Emil had to admit that it did. He closed his satchel again and started to leave, feeling dispirited. He was no longer needed here.

“Don’t you want some tea? Don’t you want to hear what I have been doing during your absence?” the bird exclaimed unhappily.

“Of course I do!”

That was exactly what Emil wanted, and, relieved, he sank back into Mrs. Greatorex’s armchair. The pelican disappeared into the kitchen to arrange the tea-tray.

As he was pouring the tea into the cups, the bird remarked: “I must say, the other day during my evening stroll I found myself in a strange place. I joined a certain queue, just for the sake of it, and for that pleasure I had to give away a whole five pounds.

“After that I was let into a dark hall, which was full of chairs just like at the opera. And people sat side by side there too, facing in the same direction. But there was a white screen on the wall, and a jet of light was directed towards it over the top of people’s heads. Other things came with the light, sounds and human forms. The screen turned into a window, from which one could see a great distance and all sorts of things. It was like the opera, but nevertheless it was not the opera.

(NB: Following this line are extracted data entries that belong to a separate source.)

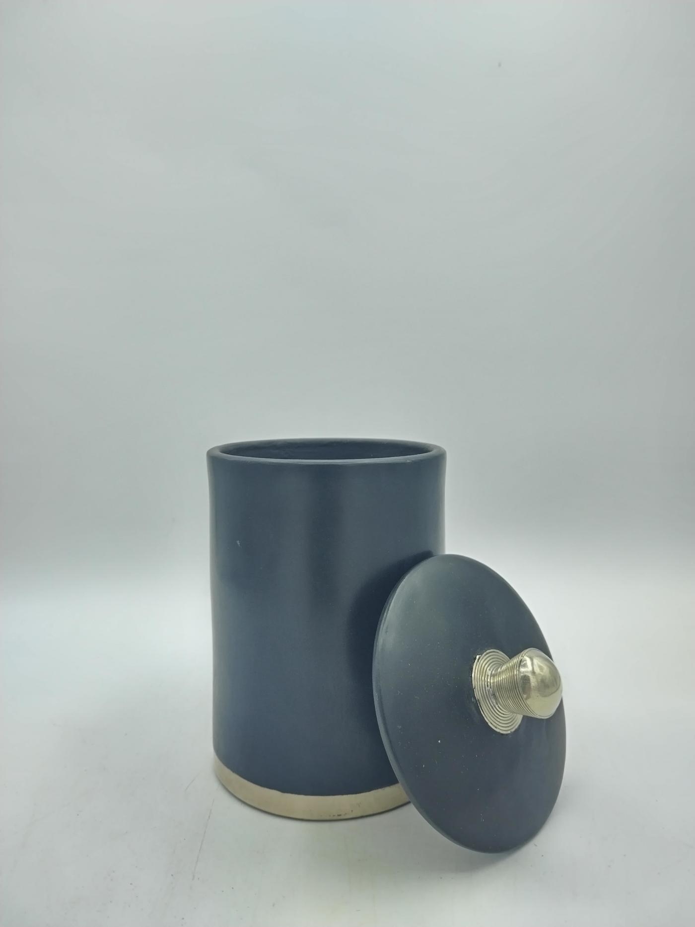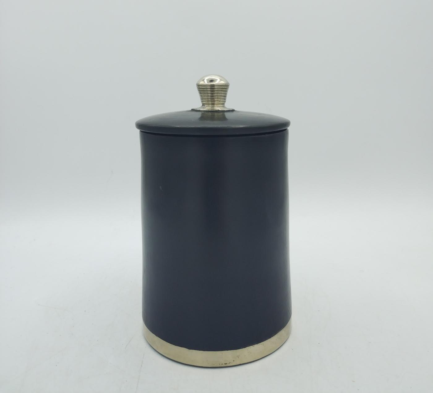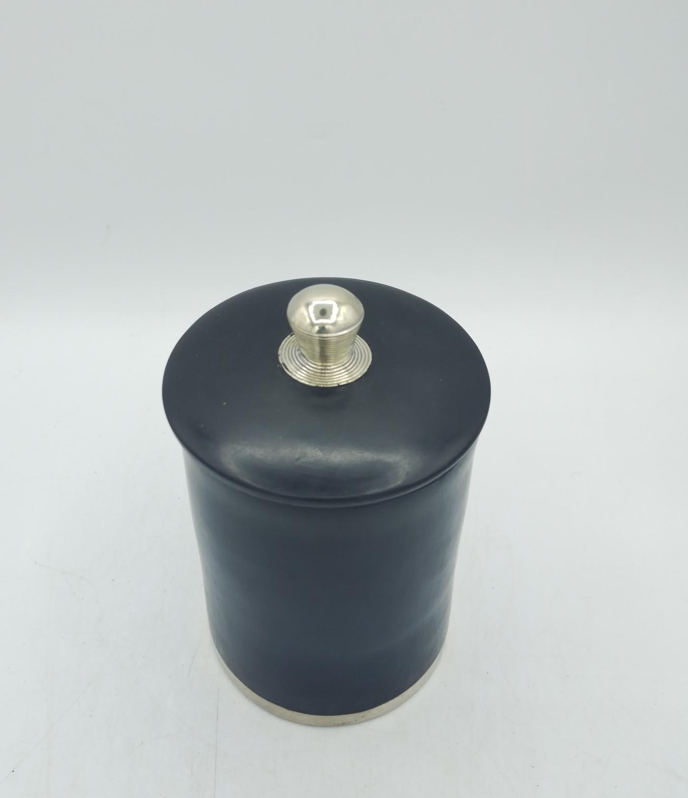 Barattolo marocchino in tadelakt nero con pomello e bordo rifiniti in argentone, essendo un prodotto artigianale potrebbero esserci leggere imperfezioni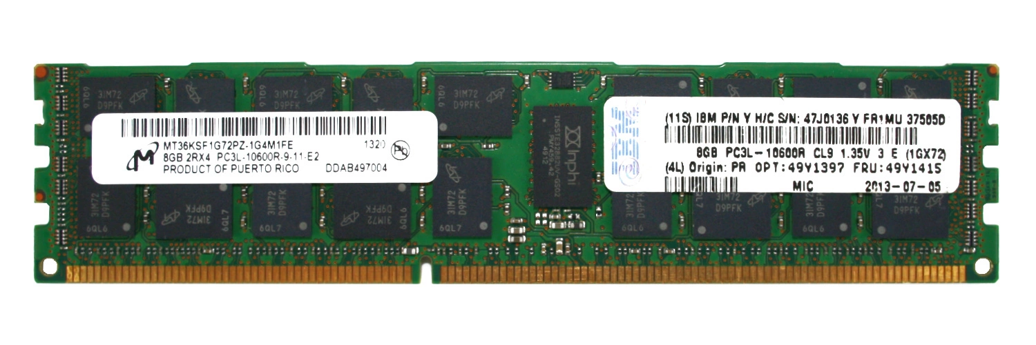 - Sestava pamětí RAM 8 GB která je složena z 1x 8GB PC3-10600 DDR3 1333MHz 1.35 / 1.5 V ECC REGISTERED | MT36KSF1G72PZ-1G4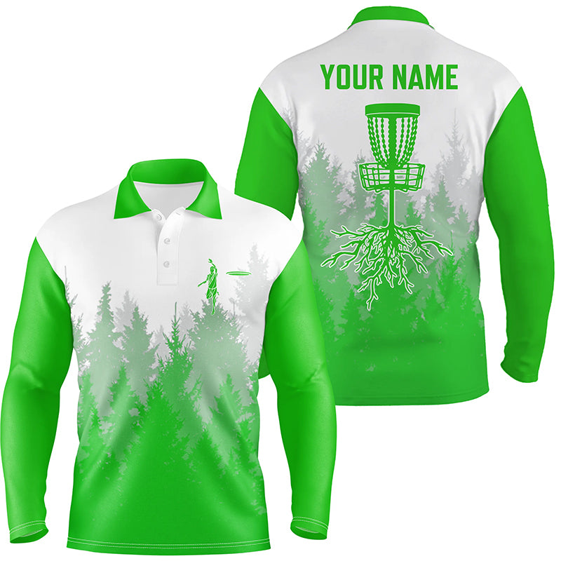 Disc golf hole in the woods Men polo shirts custom name disc golf polo shirts for men | Green NQS4801

“We sat in the dark, but we looked into a bright room. There was a man and a beautiful woman, who were talking together in a completely different way from how I have heard people talking.

“The woman was holding a long cigarette holder in her hand and was resting on some kind of sofa.

“ ‘Edward,’ she said languidly, ‘you have betrayed me, you bastard.’

“ ‘That’s not true,’ the man denied. ‘Don’t believe what poisoned tongues tell you.’

“ ‘Are you so bold as to claim that this isn’t your handwriting?’

“And the woman, with a haughty expression, threw some kind of paper in front of the man.

“ ‘A mistake! A misunderstanding!’ whined the man. ‘I have become the victim of a conspiracy.’